“I would have been better off with a good village witch doctor than any of the so-called professionals who ‘took care’ of me for the first 15 years of my disease, all of whom did great harm to my mind, body and spirit.”
Jamie Deckoff-Jones, MD
Odysseus took ten years to return home to Ithaca after the Trojan War, only after surviving encounters with various creeps, including the one-eyed man-eating Cyclops Polyphemus, Circe the witch who turned men into animals, Poseidon the angry and vengeful god, Scylla the grisly sea monster with twelve feet and six heads, the Lotus Eaters with their intoxicating fruit and the Sirens whose seductive songs lured sailors to their deaths. I don’t think my home exists any more, and my way-stations haven’t been quite as horrific as those of Odysseus, but I have, in my long wandering, encountered some strange and wondrous practitioners and their treatments.
And here are some of them.
Chapter One: The Early Years: 1999-2001
It started with my family doctor, Dr. Marcia Kallich, internist and infectious disease specialist, Highland Park, NJ, whose nurse had given me the flu shot that preceded my ME/CFS.
By January, 1999, I’d been seeing Dr. Kallich for over ten years. She was in her forties, friendly and funny and calm and competent. Her curly black hair was just starting to go gray. She practiced with a small group in a drab little office, old wooden chairs lining the waiting room walls. The windows needed washing and the light was dim.

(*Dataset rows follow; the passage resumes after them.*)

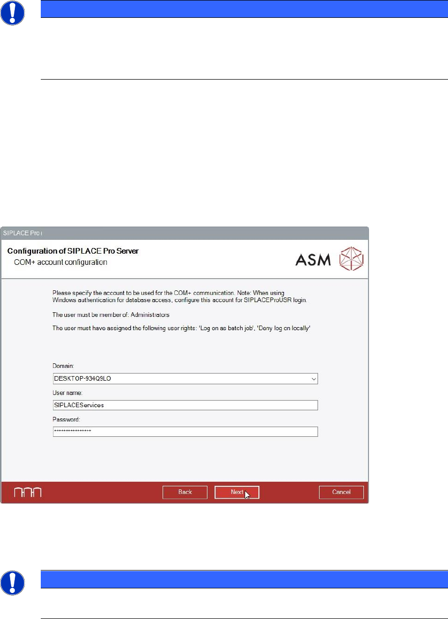In this dialog you specify under which Windows user account the server component of SIPLACE
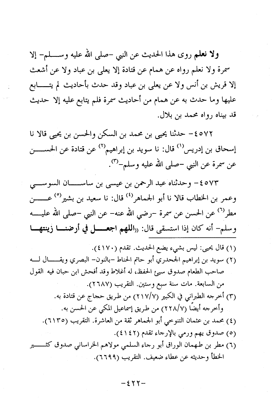 4573- وحَدَّثناه عَبد الرحمن بن عيسى بن ساسانا لسوسي وعمر بن الخطاب، قَالاَ: حَدَّثنَا أَبُو الجماهر، قَال: حَدَّثنا سَعِيد بْنُ بَشِيرٍ عَنْ مَطَرٍ عَنِ الْحَسَنِ عَنْ سَمُرة، رَضِي اللَّهُ عَنْهُ، عَنِ النَّبِيّ صَلَّى اللَّهُ عَلَيه وَسَلَّم؛ أَنَّه كَانَ إِذَا اسْتَسْقَى قَالَ: اللَّهُمَّ اجْعَلْ فِي أَرْضِنَا زِينَتَهَا وَسَكَنَهَا.
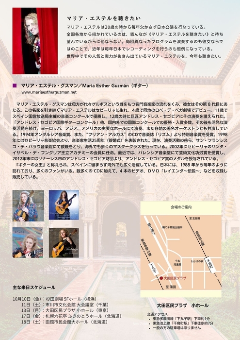 プリマベーラ主催、『ギターの女王』マリア・エステル・グスマン ツアーが2025年10月10日 (金)に横浜市磯子区民文化センター杉田劇場 5Fホール(神奈川県 横浜市磯子区 杉田 1-1-1)にて、2025年10月13日 (月・祝)に大田区民プラザ 小ホール(東京都 大田区 下丸子 三丁目1番3号)にて開催されます。
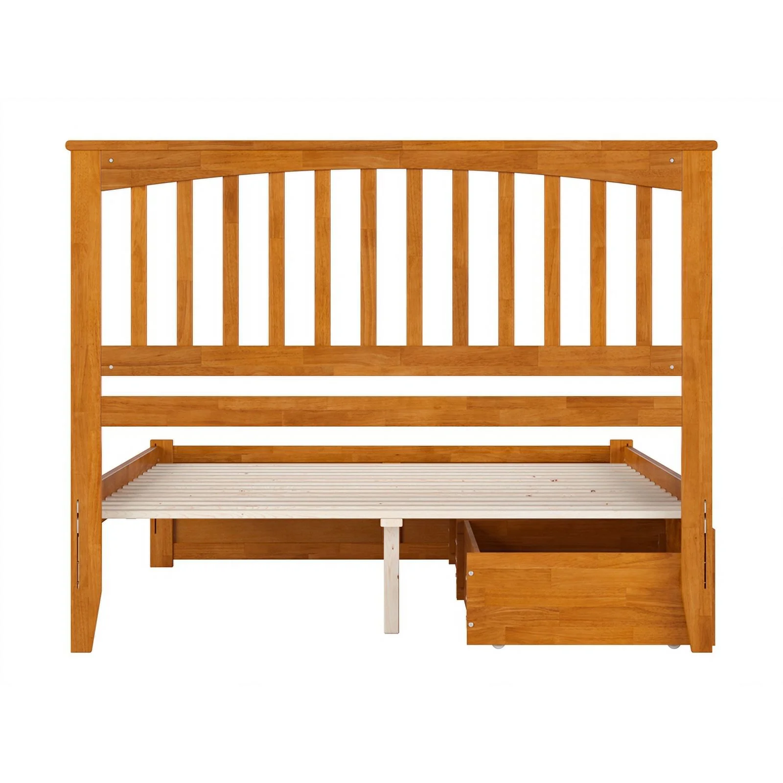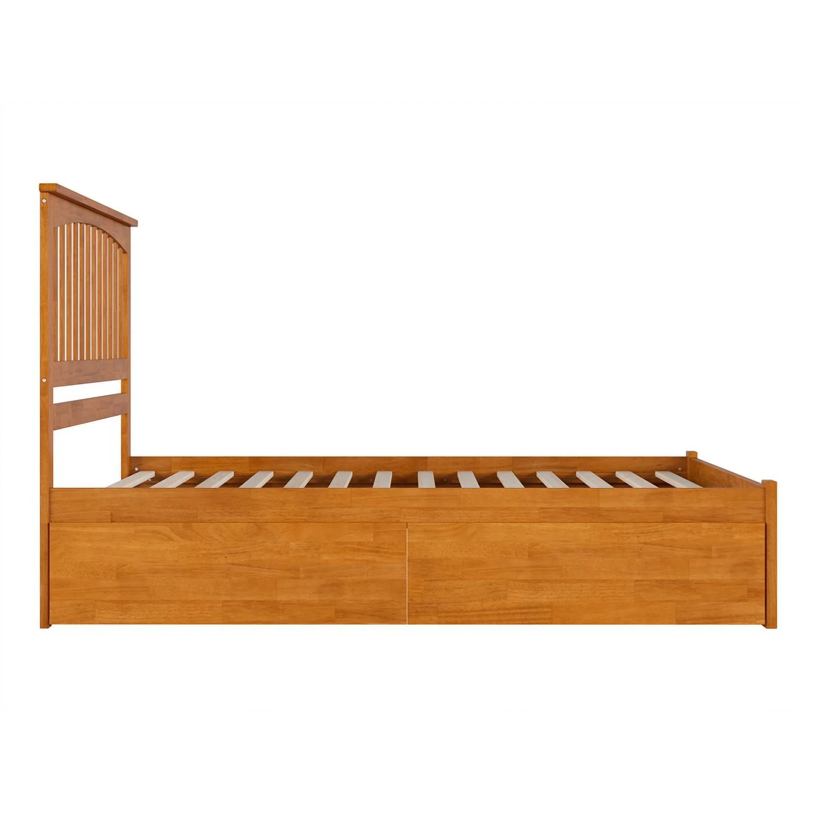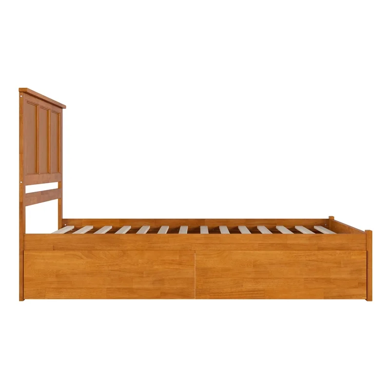 Mission Queen Wood Platform Bed with Footboard and Drawers in Light Toffee
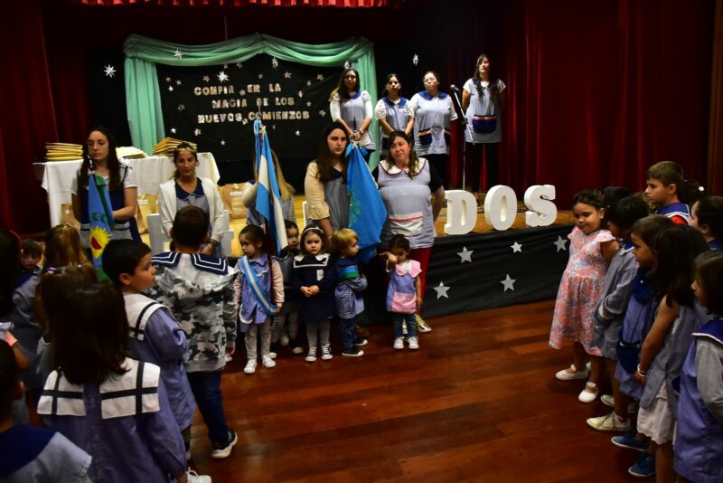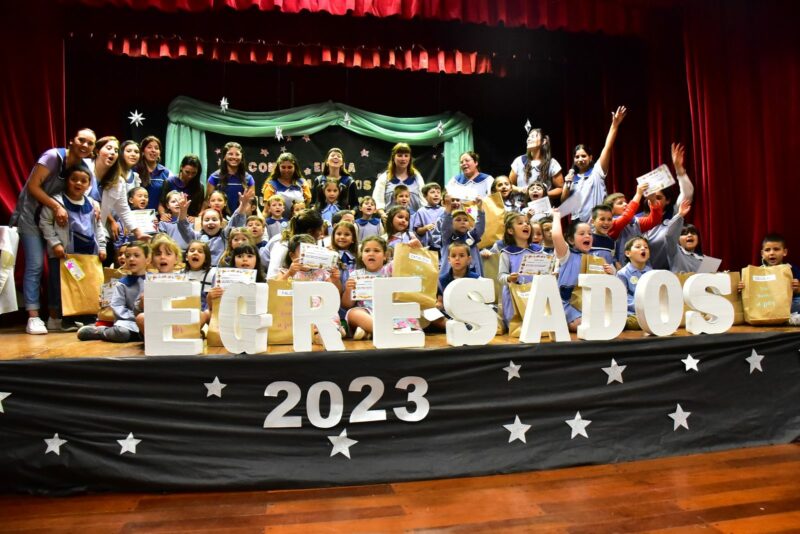 47 egresaditos de las salas de cinco años de los mencionados jardines, recibieron sus certificados que acreditan la finalización de este gran paso en sus vidas y que los prepara para seguir adelante en el camino de la educación escolar. Además se le entregó a cada alumno, un guardapolvo para el inicio escolar del próximo año.
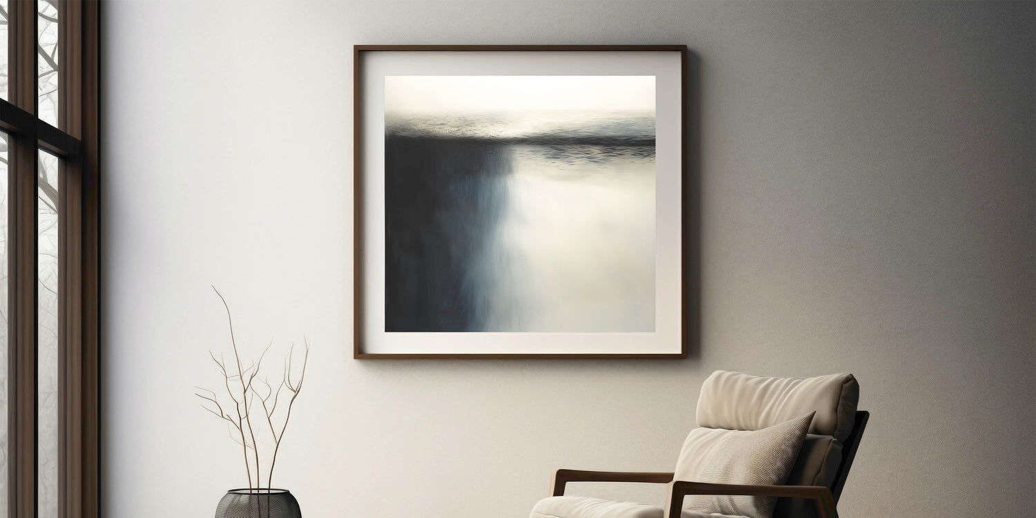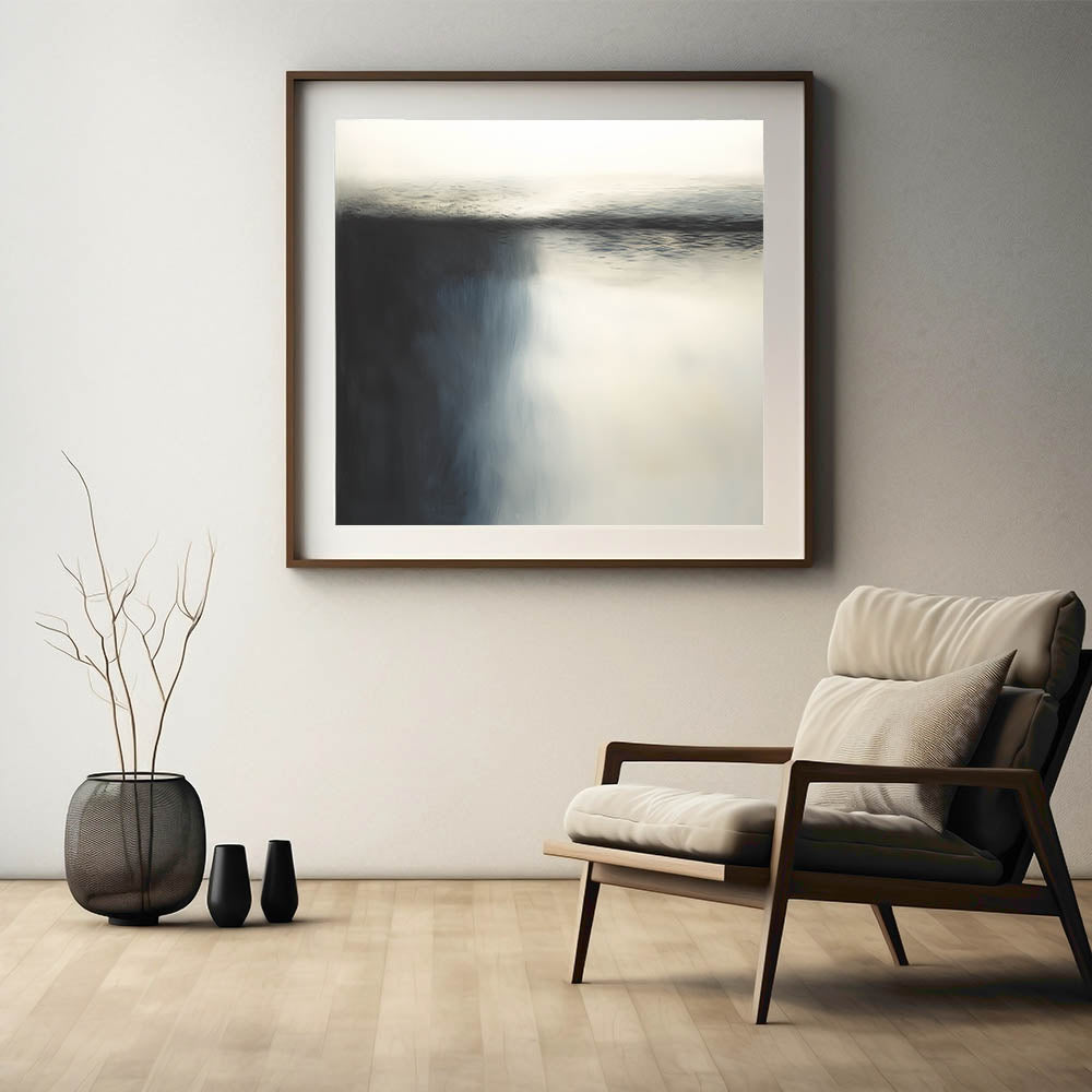 Introduce a dramatic yet serene vibe to your decor with this abstract landscape art, featuring a striking interplay of black and white tones. The contrast between light and shadow evokes the tranquil beauty of water reflecting a distant horizon. This minimalist piece is ideal for contemporary spaces, adding sophistication and depth to living rooms, bedrooms, or offices.

I’d always liked her and felt comfortable bringing her my infrequent colds and stomach aches. We’d chat briefly about our kids and vacations and she never over-reacted to my symptoms, even when a radiologist diagnosed COPD from an x-ray. She administered some kind of breath test in her office, told me it was perfectly normal, and we both dismissed the diagnosis. When a bone density test indicated osteopenia, she started me on an early bisphosphonate, assuring me that if I continued exercising and taking calcium, I’d be fine. She started me on estrogen therapy as well. Though I saw a gynecologist once a year, I had no other specialists; Dr. Kallich was my doctor.
Then, in the weeks after my symptoms appeared and worsened, I felt her cool reassurance turn into dismissive indifference.
One day I came to her office with excruciating pain in my right shoulder blade. She examined my back and saw that the shoulder blade was protruding irregularly. Since an earlier blood test had revealed high IgG *titers for cytomegalovirus (CMV), and CMV is known to sometimes cause muscle pain and neuropathies, she surmised that CMV might be the diagnosis, but she adamantly resisted linking it to the flu shot. She sent me to see a neurologist, who tested my reflexes and made me touch my nose with my finger and walk a straight line; he then declared me neurologically healthy. “You have ‘mononeuritis multiplex’, a symptom of the virus. You’ll get better.”
Back at her office, Dr. Kallich explained that there was no effective treatment for CMV, and that she was certain, with time, my healthy immune system would prevail. I was beginning to detect impatience in her voice.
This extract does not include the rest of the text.